Recent reports indicate that the refinery with a capacity of 650,000 barrels per day has begun leveraging US-grade oil to power its operations in Nigeria.

According to insights from industry analysts, the refinery has commenced shipping various products, including jet fuel, gasoil, and naphtha, as it gradually ramps up its production capacity.

The utilization of US oil imports, particularly the WTI Midland grade, has provided Dangote Refinery with a cost-effective solution for its feedstock requirements.

Experts anticipate that the refinery’s gasoline-focused units, expected to come online in the summer months will further bolster its influence in the Atlantic Basin gasoline markets.

Alan Gelder, Vice President of Refining, Chemicals, and Oil Markets at Wood Mackenzie, noted that Dangote’s entry into the gasoline market is poised to reshape the West African gasoline supply dynamics.

Despite operating at approximately half its nameplate capacity, Dangote Refinery’s impact on regional fuel markets is already being felt. The refinery’s recent announcement of a reduction in diesel prices from N1,200/litre to N1,000/litre has generated excitement within Nigeria’s downstream oil sector.

This move is expected to positively affect various sectors of the economy and contribute to reducing the country’s high inflation rate.

Furthermore, the refinery’s utilization of US oil imports shows its commitment to exploring cost-effective solutions while striving to meet Nigeria’s domestic fuel demand.

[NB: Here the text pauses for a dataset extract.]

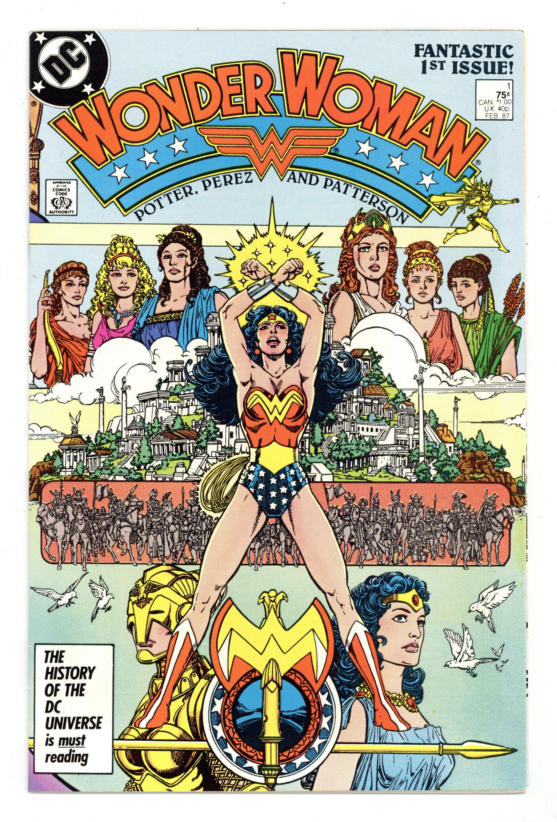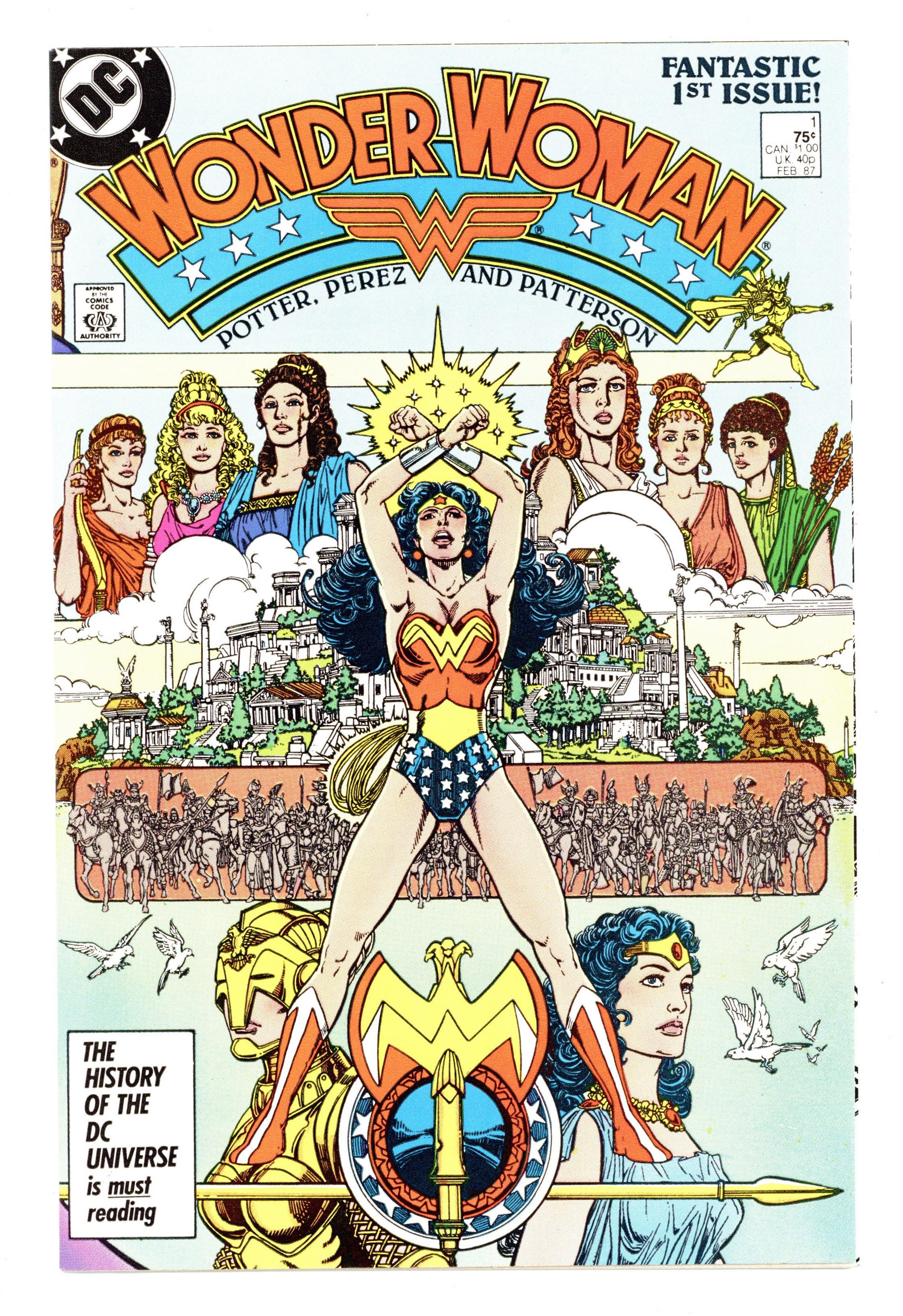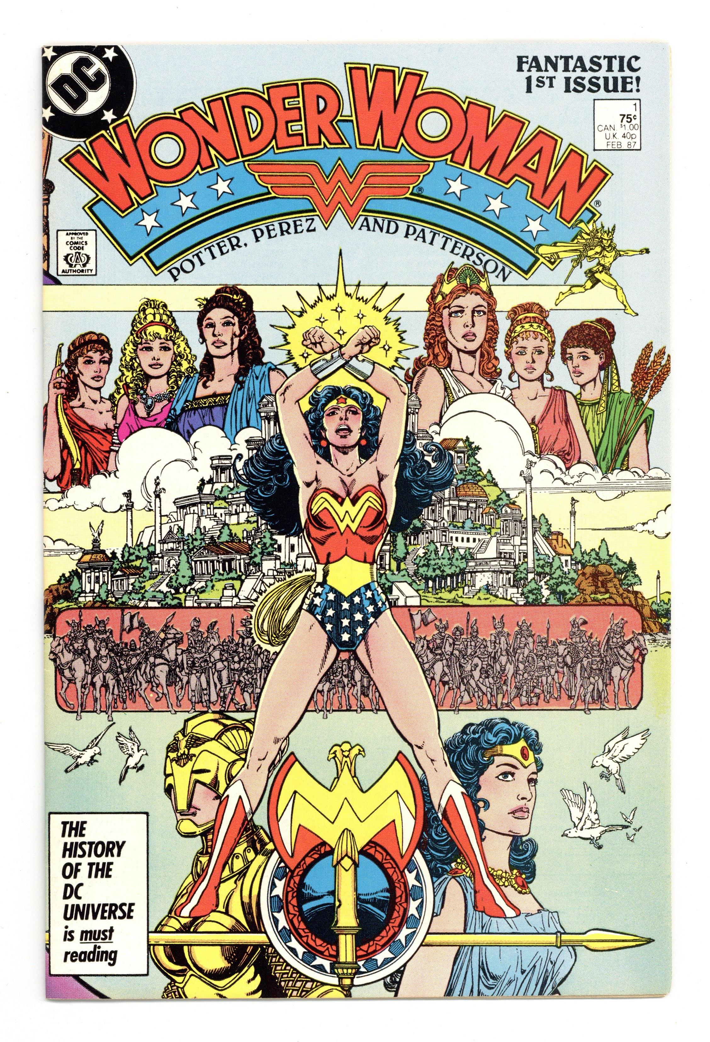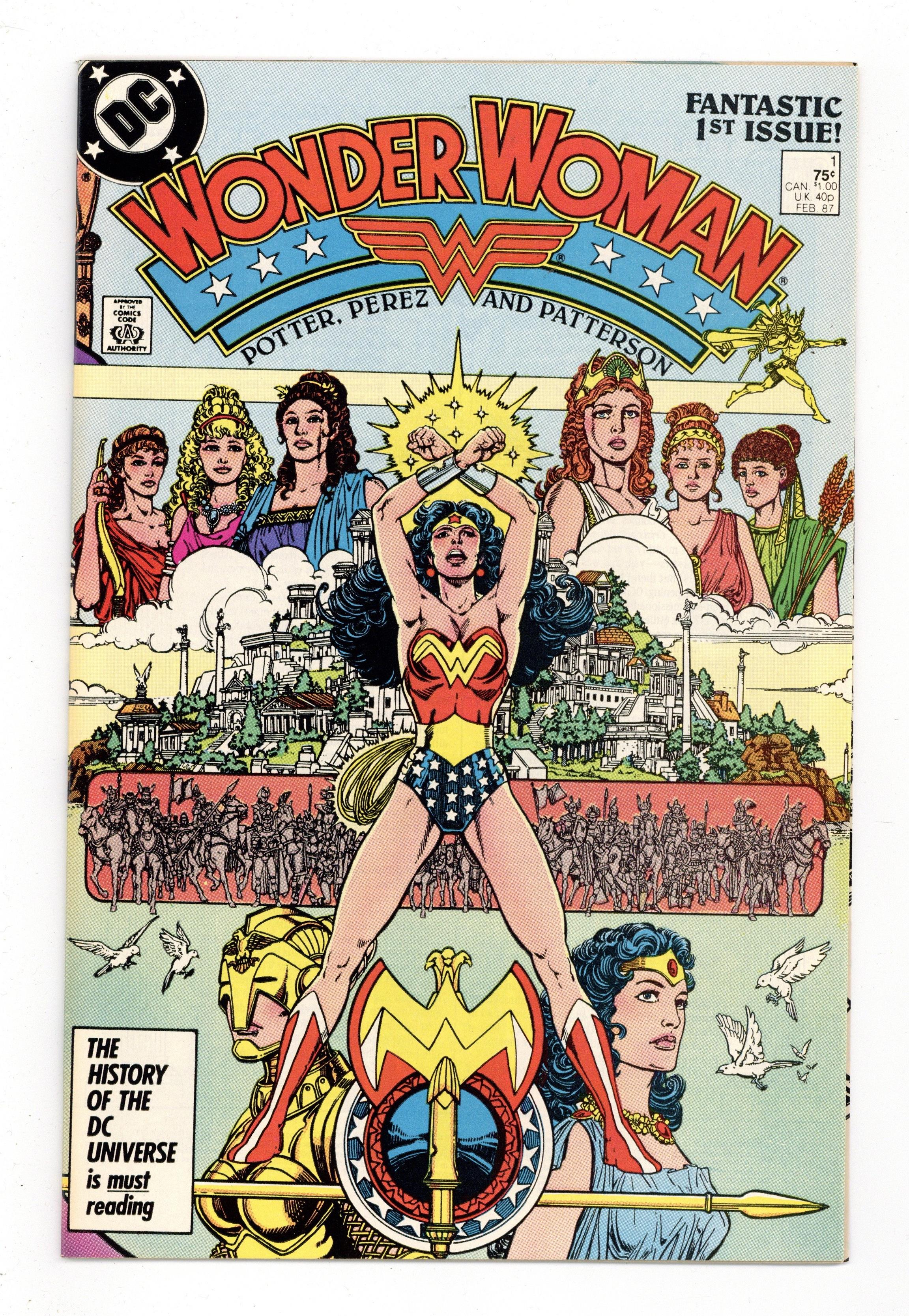 Starts Jan 3 Direct Edition. In this post-Crisis on Infinite Earths re-imagining of the Wonder Woman mythos, Diana is born of clay, growing on Paradise Island to become the champion of the Amazons. "The Princess and the Power!" Part 1 of 6, continued next issue. Script by Greg Potter, co-plot and pencils by George Perez, inks by Bruce Patterson. Perez inks first 2 pages and the final page. Wrap-around cover. No ads. Perez cover. 36 pgs. Cover price $0.75.

As the refinery continues to optimize its production processes, it is poised to play a pivotal role in Nigeria’s energy landscape and contribute to the country’s quest for self-sufficiency in refined petroleum products.

Moreover, the Nigerian government’s recent directive to compel oil producers to prioritize domestic refineries for crude supply aligns with Dangote Refinery’s objectives of reducing reliance on imported refined products.

With the flexibility to purchase crude using either the local currency or the US dollar, the refinery is well-positioned to capitalize on these policy reforms and further enhance its operational efficiency.